Outlines rock. I'll be using them from now on to make sure every chapter is carrying the plot where it needs to go and my characters are on the right track. I'm an outline convert. This is what change looks like, people.
So tell me; do you write by the seat of your pants, or does your trip have an itinerary?
Okay, so I had a dream when I was just seventeen and I wrote it down. It stuck with me for the longest time, driving me up the wall. I decided I had to give it more details and let it play the rest of the way out or I was going to go crazy, so I started writing a novel. The thing never amounted to more than 5,000 pages of cursing and drug use before I tossed it aside. My senior year was wild and didn't leave me the kind of time I needed to write. Of course, I needed another decade to grow up before I could really REALLY write the way I wanted to.
My husband and I bought a new house last year and I came across a box of my creative writing notebooks from back in high school. Tucked into the stacks of yellowing notebooks (it physically hurt to write that detail) was the carefully typed first chapter of my dream. The amazing thing is how incredibly fresh it was in my head after fifteen years of life and love and kids. I started writing it again. And again. And yet again. Then I got really ticked and scrapped the whole project.
But I couldn't stop thinking about it.
Another little factoid about me; I don't sleep well. I just don't. Once my kids are asleep, my second wind kicks in and I'm good to go. The fun little insomnia bit just gets worse when I'm writing a first draft. I'll force myself into bed but I'm still composing scenes in my mind. Fortunately, I have this handy little friend called Ambien to help out on those nights. FYI: Ambien is generally a lousy muse, although it's been known to help me earn some killer high scores on Bejeweled. I wrote a love scene after taking Ambien one night and came back to it the next day to find I'd written about Jiffy-Pop microwave popcorn (which I don't think exists) and something much like speech therapy.

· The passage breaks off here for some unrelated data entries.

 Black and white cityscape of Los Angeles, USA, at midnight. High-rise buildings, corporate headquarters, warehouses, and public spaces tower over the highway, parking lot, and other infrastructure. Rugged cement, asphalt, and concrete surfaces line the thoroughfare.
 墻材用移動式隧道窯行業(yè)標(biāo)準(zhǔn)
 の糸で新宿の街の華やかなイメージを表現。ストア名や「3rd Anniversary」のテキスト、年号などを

So, this one night, I pop an Ambien and head off to bed. But then it hits me; I have two crucial details of the dream wrong. I scribble furiously in a spiral notebook for a good twenty minutes before I'm too dizzy to see what I'm writing anymore. Amazingly, the notes still make sense the next day. The trouble is, I can only write random fractions of scenes before I hit a wall and have to stop. It's not a super complicated plot but it's a super complicated idea. You'll see what I mean when you read it. Enough present tense. I hate present tense, except for The Hunger Games.

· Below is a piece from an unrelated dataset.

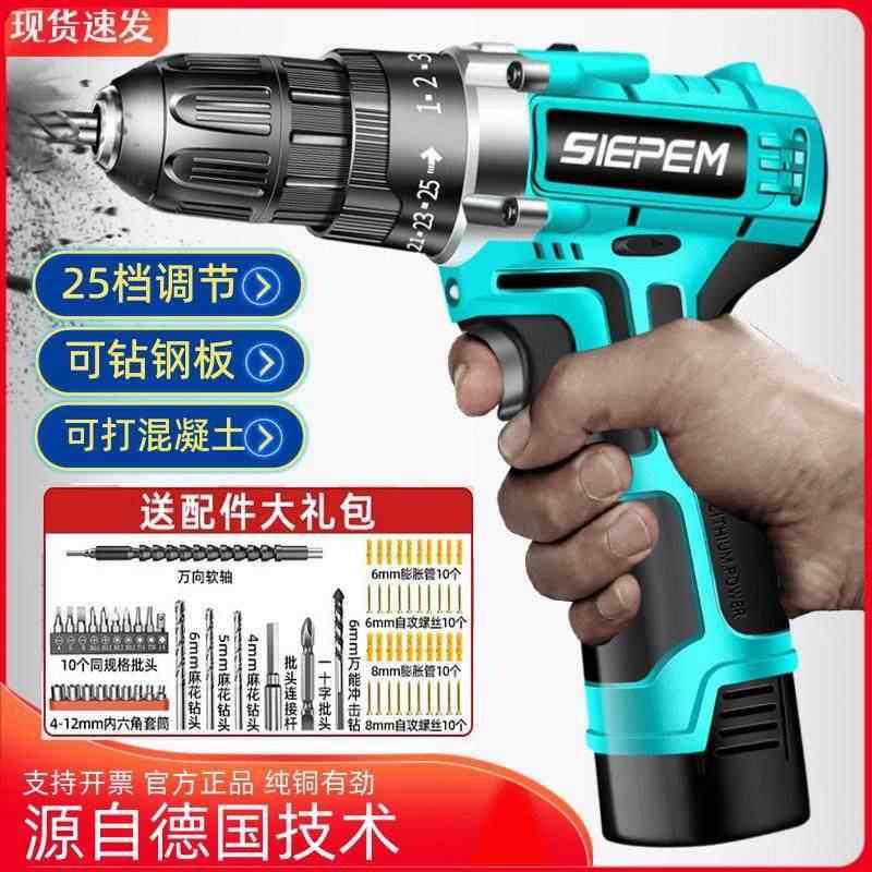 手电钻冲击钻家用锂电池打孔工具套装多功能小型充电式电动螺丝刀

I bought a bunch of books on writing from Barnes & Noble and did some serious speed reading before I hatched a plan; I would write an outline. It went against everything I stand for, but I was desperate. Lo and behold, it worked. Page after page has been flowing like Diet Coke for the last few weeks. I've never been this productive, this excited or this madly in love with a WIP before. I know where I'm going. I know what happens in each chapter. I could query this puppy and send the first three chapters and a synopsis already (and believe you me, it's tempting). It's all in the bag.
Outlines rock. I'll be using them from now on to make sure every chapter is carrying the plot where it needs to go and my characters are on the right track. I'm an outline convert. This is what change looks like, people.
So tell me; do you write by the seat of your pants, or does your trip have an itinerary?